Perbincangan kecil

32 8 5
                                    

Ups! Gambar ini tidak mengikuti Pedoman Konten kami. Untuk melanjutkan publikasi, hapuslah gambar ini atau unggah gambar lain.

...

Hari ini hari Sabtu. Mungkin bagi sebagian orang akan terasa sangat menyenangkan karena di keesokan harinya adalah Minggu. Tapi hal itu tidak berlaku untukku.
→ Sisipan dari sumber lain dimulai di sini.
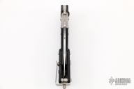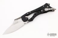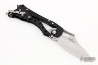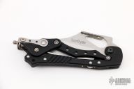 This E.T. (External Toggle) folder by Kershaw is a Grant and Gavin Hawk design, it features a bead blasted blade, black aluminum frame, and the Hawks' external toggle locking mechanism. The knife is very easy to open and close, and simply gripping the handle will keep the blade locked in the open position. There is a knurled roller safety on the spine that can be engaged to prevent partial opening of the blade during carry. Has some scuffs and a couple small dings, otherwise good condition.
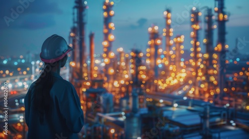 Asian engineer smart city smart industry background, sustainable power saving energy management smart factory technology, oil and gas plant background
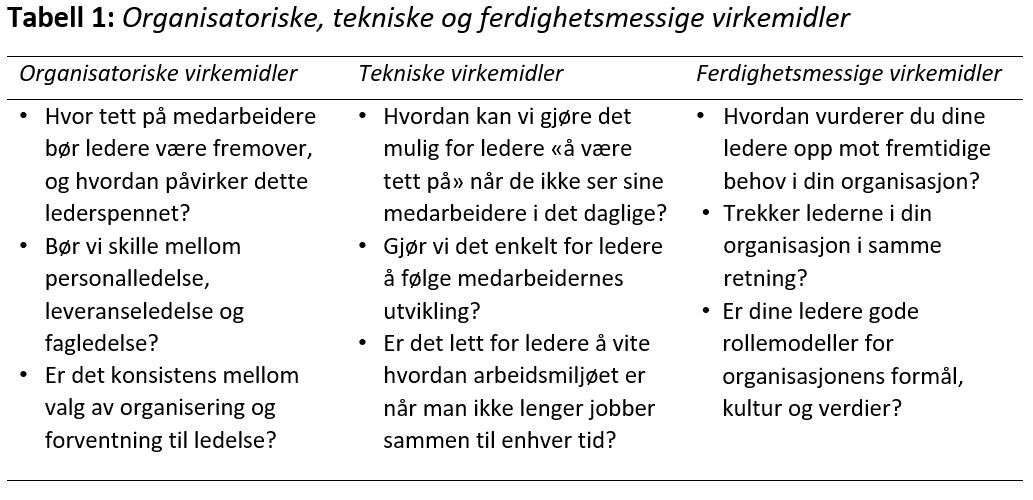 Det er rimelig å anta at det siste årets endringer vil prege fremtidens arbeidsliv. Dette stiller nye krav til ledelse (Groysberg og Seligson, 2020). Å lede i en tid der endring er kontinuerlig, gjennomgripende og allestedsnærværende, gir behov for nye tilnærminger. Ledelse under kriser og stadige endringer nødvendiggjør at ledere oppgaveorienterte, endringsorienterte og relasjonsorienterte. Dette er en krevende øvelse (Dirani et al., 2020; Groysberg og Seligson, 2020; Bartsch et al., 2020). Ledelse utøves stadig oftere digitalt, nå som endringstakten ikke ser ut til å avta fremover. Dette stiller økte krav til ledere sammenlignet med tidligere (Bartsch et al., 2020). Vi setter spørsmålstegn ved hvorvidt norske organisasjoner gir sine ledere rom til å utøve god ledelse i denne nye hverdagen.
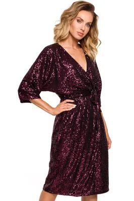 ( ilość produktów: 254 )Sukienka cekinowa midi z wiązaniem kopertowy dekolt bordowa
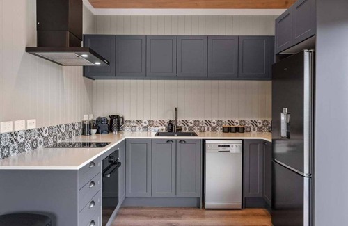 Fully self-contained with a well-equipped kitchen and laundry (washing machine included). Expansive sun-drenched deck with BBQ for outdoor dining.
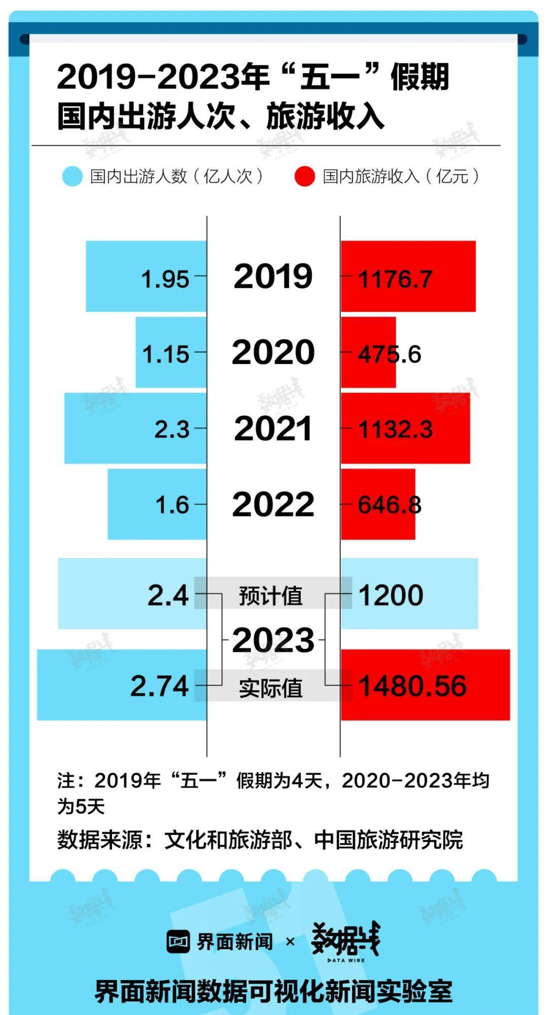 2023年“五一”期间,全国共接待国内旅游2.74亿人次,可比口径恢复至2023年同期的119.09%;国内旅游收入1480.56亿元,按可比口径恢复到2023年同期的100.66%。
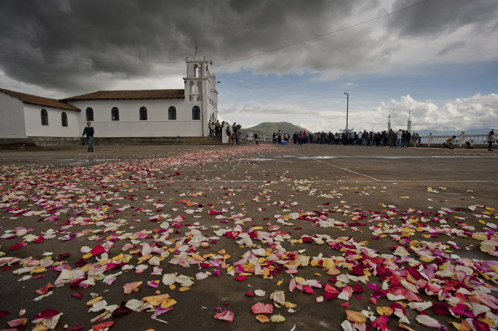 The Iglesia de Pichalo after the procession had left it's trail of flower petals. Note Mount Putzalahua in the background.
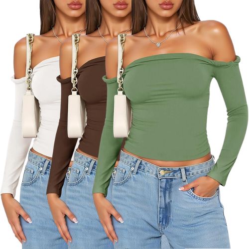 Tankaneo Off-Shoulder Top 💋 brings flirty Y2K vibes! Slim fit, ruched detail, and trendy cropped style 💖👚.

Karena setiap Sabtu, selalu ada Matematika.

Bolehkah kita protes untuk menghapus mata pelajaran itu dari sekolah?

Aku mengeratkan jaket pink pastel yang kukenakan, cuaca pagi ini cukup bagus, setidaknya tak akan mempengaruhi mood. Ternyata aku tidak sadar jika aku sendiri mengikuti nasehat lelaki itu untuk terus membawa jaket, tak tau ini sebenarnya otak dan hatiku tidak sinkron atau memang aku yang tidak menyadarinya. Biarlah, toh tidak ada salahnya juga membawa jaket.

Kedua netraku menyapu seisi bus, pantas saja ada yang terasa kurang dan janggal. Rupanya, lelaki dengan earphonenya itu tidak ada di kursi sebrang. Entahlah, mengapa pula suasana bus pagi ini terasa ramai, jadi sedikit berdesakan. Untungnya aku sempat kebagian kursi duduk. Semenit berlalu, aku yakin dalam hitungan detik sang supir akan menarik pedal dan melajukan bus bernomor 07 ini.
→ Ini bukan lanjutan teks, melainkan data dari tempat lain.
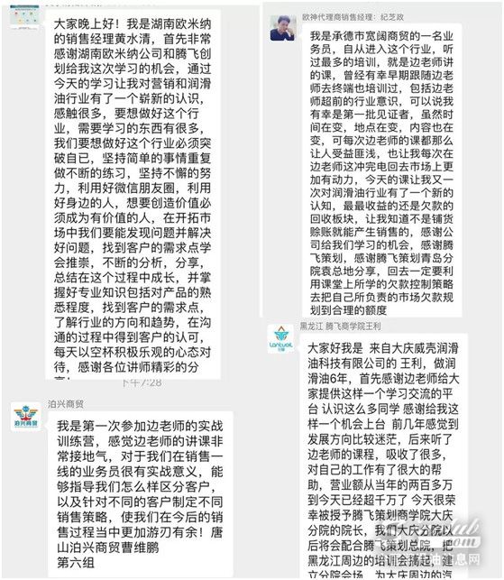 课后,学员们也相互交流学习感受,在腾飞为润滑油行业代理商搭建的平台,发表自己的看法与学习心得。
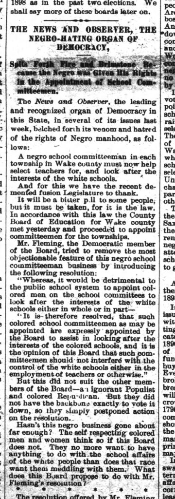 The News and Observer, the leading and recognized organ of Democracy in this State, in several of its issues last week, belched forth its venom and hatred of the rights of Negro manhood, as follows:
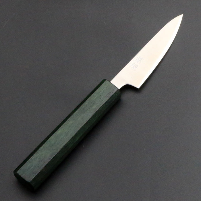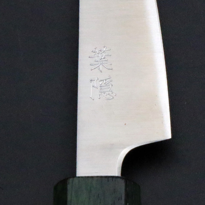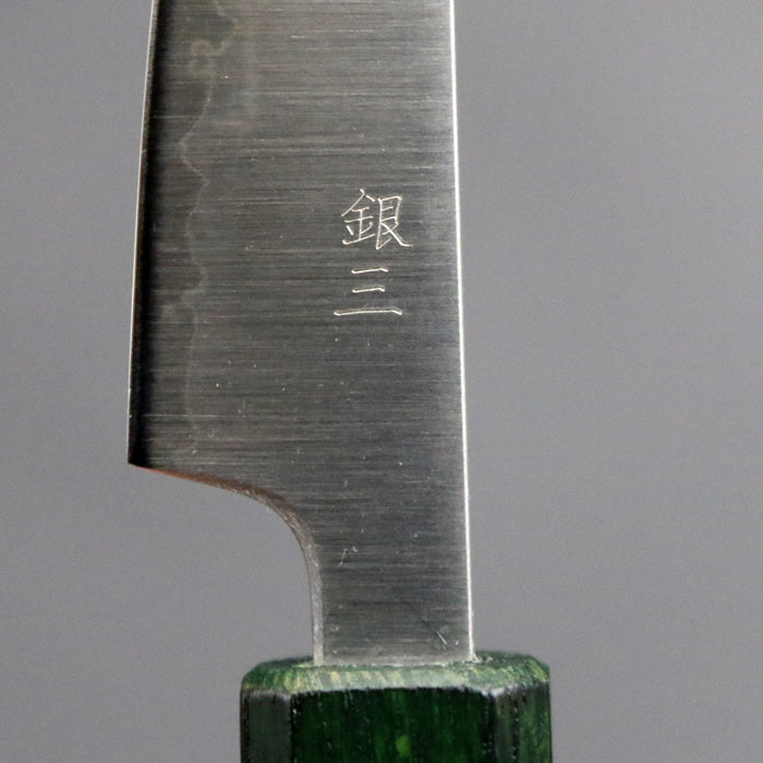 銘切り「葉隠」 銀三 磨き オリジナル ペティナイフ パーリングナイフ 85mm 緑漆八角柄
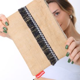 Baghashtag Siyah Püsküllü Jüt Clutch Bez Çanta
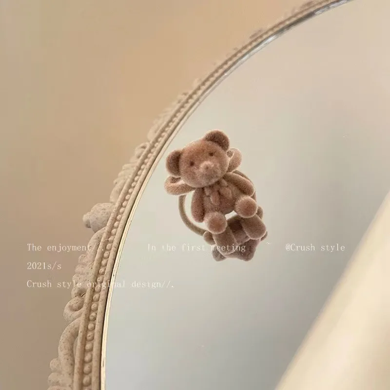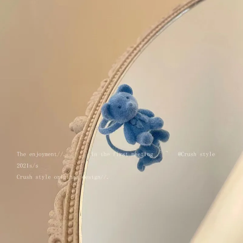 Anillo tridimensional de oso con lazo, anillo Flocado de corazón para niña linda, oso de terciopelo azul y rosa de Curry, Otoño e Invierno

Tapi... kenapa hatiku agak resah ya? Padahal biasanya tidak begini, aku terus-terusan melirik kursi sebrang yang sudah di tempati oleh seorang anak kecil. Rasanya aneh saja kalau bukan Harsa yang menduduki.
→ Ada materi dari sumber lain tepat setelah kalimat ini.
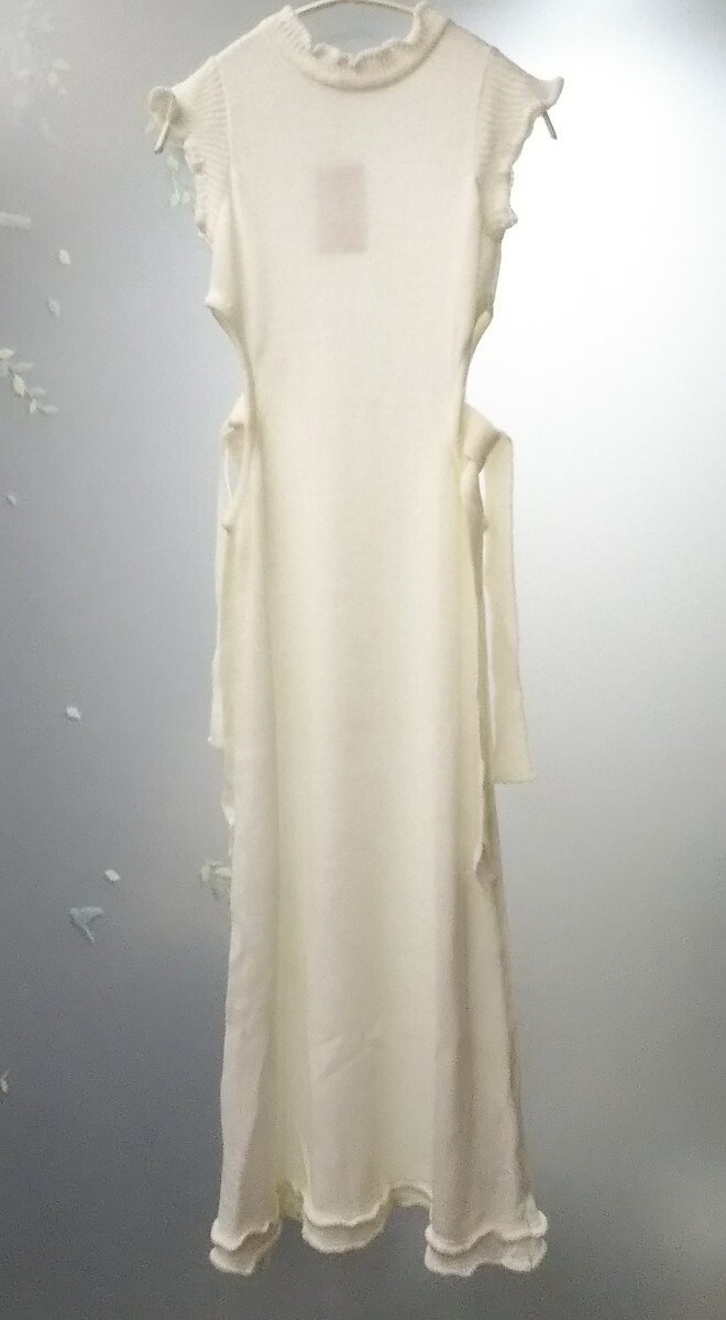 - 匿名/ゆうパケ送込 【未使用 タグ付き】 ホワイト系 ニットワンピース ウエストリボン
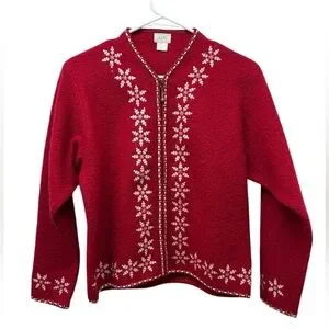 Alps Red Snowflake Women's Wool Cardigan
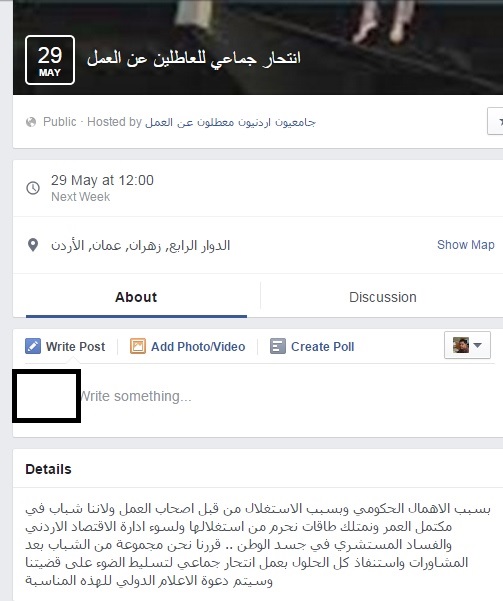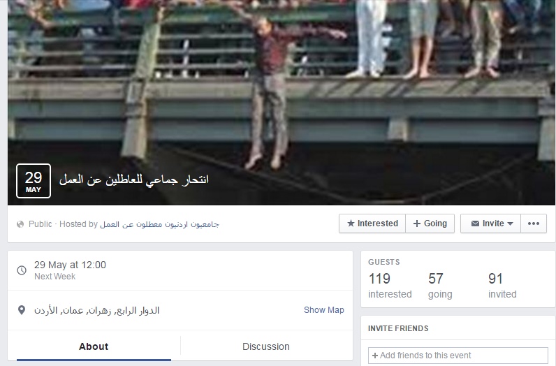 وكالة الناس – انشأ رواد مواقع التواصل الاجتماعي على موقع الفيس بوك منصة دعوا بعضهم اليها وهي عبارة عن دعوة لعملية انتحار جماعية سيلجأ إليها العاطلون عن العمل في منطقة الدوار الرابع حي زهران بالعاصمة عمان.
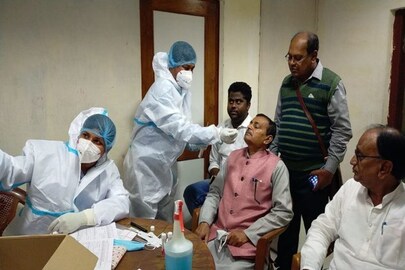 #বর্ধমান: করোনা নেগেটিভ শংসাপত্র না থাকলে মুখ্যমন্ত্রী মমতা বন্দ্যোপাধ্যায়ের কাছাকাছি আসতে পারবেন না কেউই। তাই মঙ্গলবার পূর্ব বর্ধমান জেলায় মুখ্যমন্ত্রীর সফরের আগে রবিবার তৃণমূলের নেতা মন্ত্রীদের অনেকেই করোনা পরীক্ষা করালেন। পূর্ব বর্ধমান জেলা পরিষদের অঙ্গীকার সভাকক্ষের পাশে বিশেষ ক্যাম্প করে নমুনা সংগ্রহ করা হল। মুখ্যমন্ত্রীর সুস্থতার জন্যই এই করোনা পরীক্ষার ব্যবস্থা বলে তৃণমূল কংগ্রেস সূত্রে জানা গিয়েছে।

Namun kegelisahan itu salah. Salah besar. Orang yang sedari tadi berkeliaran di dalam pikiranku akhirnya muncul. Dia menyapa supir dengan senyuman khas, membenahkan posisi ranselnya sambil mengatur napas. Aku tidak yakin saat itu, apakah aku sadar bahwa detik itu pula aku ikut menarik senyuman simpul disana.

Selesai, setelahnya bus bernomor 07 sungguh bergerak. Kulihat lelaki itu celingukan, dia segera berlari kecil kearahku. Sejurus kemudian, dia meraih pegangan bus yang bergantung rapi sambil menyapa hangat.

"Selamat pagi, Luna!"

Kalau boleh jujur, sejak aku mengetahui rahasia kecil itu dua hari lalu, lelaki pemilik nama Harsa Astama lah yang mengisi kekosongan di otakku setiap detiknya.

Huft... sial!

Sekitar sepuluh menit berlalu, tanpa di rasa pula satu persatu penumpang bergiliran untuk turun, kursi di sebelahku sempurna kosong. Tepat saat itu pula, pemuda Astama yang sedari tadi kuperhatikan mengambil tempat.

"Sudah sarapan?" tanyanya begitu saja. Aku mengangguk canggung, sebenarnya banyak sekali pertanyaan yang ingin kutanyakan pada lelaki itu, tapi apa boleh buat? kami dekat saja tidak.

"Oh iya, kalau kupikir-pikir kita belum berkenalan dengan benar ya? hanya tau raga masing-masing, bukan?" Tidak tau, aku refleks terkekeh sambil mengangguk setuju.

"Namaku Harsa Astama, dari sekolah Nusantara. Dan kamu pastinya Luna, kan? Aku tau namamu dari berkas tes ujian tahun lalu. Bukankah dulu kamu pernah ikut tes masuk ke SMA Nusantara?"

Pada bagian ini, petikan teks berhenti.